Si vous connaissez un peu l’histoire du Vieux-Tours, vous avez peut-être déjà entendu parler de la Maison Tristan, au 16 Rue Briçonnet. Cette historique demeure du XVe siècle va exceptionnellement rouvrir pendant deux week-ends pour une vaste exposition d’un trio d’artistes qui organise, en prime, un riche programme d’animations.
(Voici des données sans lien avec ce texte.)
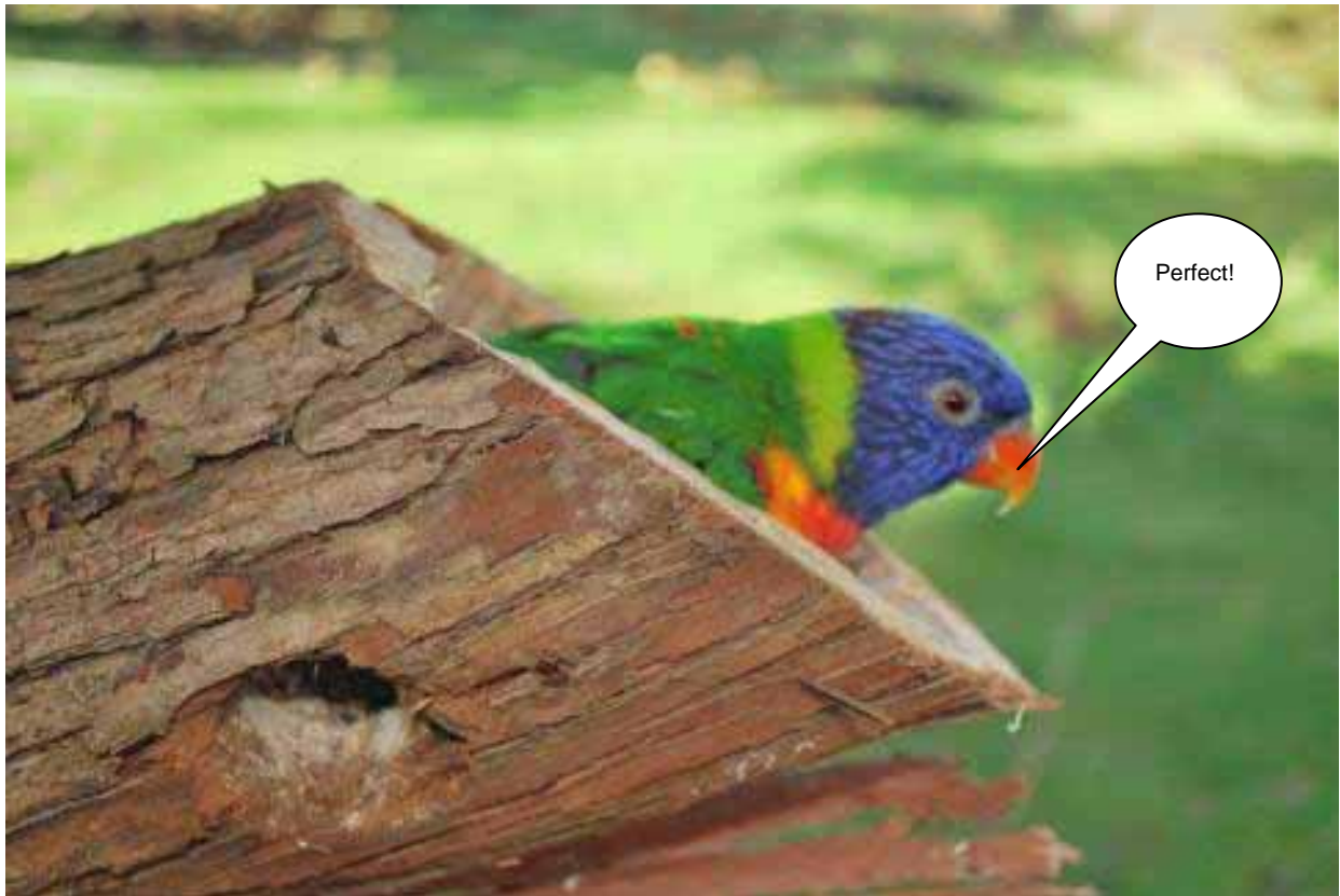
Figure 22: Final hollow in use

Plus de 60 oeuvres, peintures, sculptures, petits et grands formats seront à découvrir samedi 30 mai, dimanche 31 puis du 5 au 7 juin dans les salles recouvertes de pierres de la Maison Tristan, à deux pas de la Place Plumereau et de la Fac des Tanneurs. “C’est un lieu qui avait déjà accueilli des expositions et le propriétaire – Mr Combe – l’a mis à notre disposition” raconte Hugues Thomas-Castelneau, l’un des trois artistes mobilisés sur ce projet.
Originaire de Tours, autodidacte, celui qui se fait appeler Carlo Scuro et qui travaille à la Commission Européenne de Bruxelles est associé avec son père Pierre (Thomas l’Imposteur) et Jean-Claude Lardrot pour recréer une Cour des Miracles qui s’annonce assez spectaculaire. Et totalement gratuite.
“On a cherché un lieu et on s’est adapté à lui” raconte Hugues Thomas-Cazenave, inspiré par l’identité de la bâtisse du XVe siècle. “Je trouve que ce bâtiment a un côté assez mystérieux. On dirait une espèce de tour, avec des petits recoins. On tombe sur des pièces comme ça. Nous on va arriver avec notre univers coloré et farfelu dans ce monument mystérieux où la légende dit qu’il a accueilli le bourreau de Charles VI…”

“Jean-Claude Lardrot avait déjà exposé dans ce lieu quand il appartenait à la Ville de Tours. Et on a eu la surprise que le propriétaire dise oui pour notre projet joyeux et festif” explique pour sa part Pierre Thomas-Castelneau, qui avait spotté d’autres endroits comme l’ancienne maison close L’Etoile Bleue qu’il a jugée moins adaptée.
“On a été très impressionnés par ce lieu et la générosité du propriétaire. Il y a des mystères… et il ne m’en fallait pas plus pour creuser” poursuit le neurologue de profession qui donnera une conférence sur une grande énigme de l’histoire : La Manie Dansante, quand des femmes se sont subitement mises à danser sans discontinuer et sans raison apparente (le 31 à 17h).
A propos d’énigmes, Pierre est aussi à la manœuvre pour l’élaboration d’un rallye médiéval dans le Vieux-Tours, avec un départ le 6 juin à 15h. “Une façon de faire vivre l’histoire de Tours dans l’histoire de France” nous dit-il, avec un plongeon en 1426.
Ce qui devait donc être au départ “une exposition entre trois artistes” (avec quand même pas mal de créations inédites, dont une fresque en escargot de Jean-Claude Lardrot) devient “un mini festival” : “On est créatifs, ou on ne l’est pas” commente Pierre Thomas-Castelneau, ravi d’avoir été entouré de pas mal de proches pour tout construire (également de la musique, du théâtre…). A découvrir donc pendant 5 jours seulement.